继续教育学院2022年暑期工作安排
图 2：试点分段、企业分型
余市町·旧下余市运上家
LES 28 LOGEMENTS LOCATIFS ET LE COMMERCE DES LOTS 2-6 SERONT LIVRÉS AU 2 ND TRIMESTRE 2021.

··········

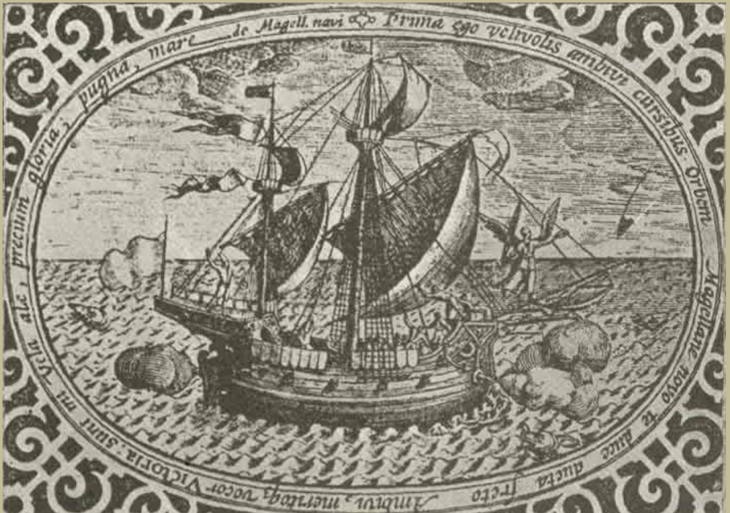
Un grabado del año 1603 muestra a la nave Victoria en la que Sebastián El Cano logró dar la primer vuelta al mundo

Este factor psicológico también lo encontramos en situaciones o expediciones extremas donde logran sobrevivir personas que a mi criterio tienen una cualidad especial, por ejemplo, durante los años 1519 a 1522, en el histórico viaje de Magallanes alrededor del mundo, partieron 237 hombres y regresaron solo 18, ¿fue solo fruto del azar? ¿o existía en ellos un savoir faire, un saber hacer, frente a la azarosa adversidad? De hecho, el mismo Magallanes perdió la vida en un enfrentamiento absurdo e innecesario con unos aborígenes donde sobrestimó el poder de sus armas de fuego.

··········

Please write out, exactly as they appear above, only the lines in the stretch from the line with "继续教育学院2022年暑期工作安排" through the line with "LES 28 LOGEMENTS".

继续教育学院2022年暑期工作安排
图 2：试点分段、企业分型
余市町·旧下余市运上家
LES 28 LOGEMENTS LOCATIFS ET LE COMMERCE DES LOTS 2-6 SERONT LIVRÉS AU 2 ND TRIMESTRE 2021.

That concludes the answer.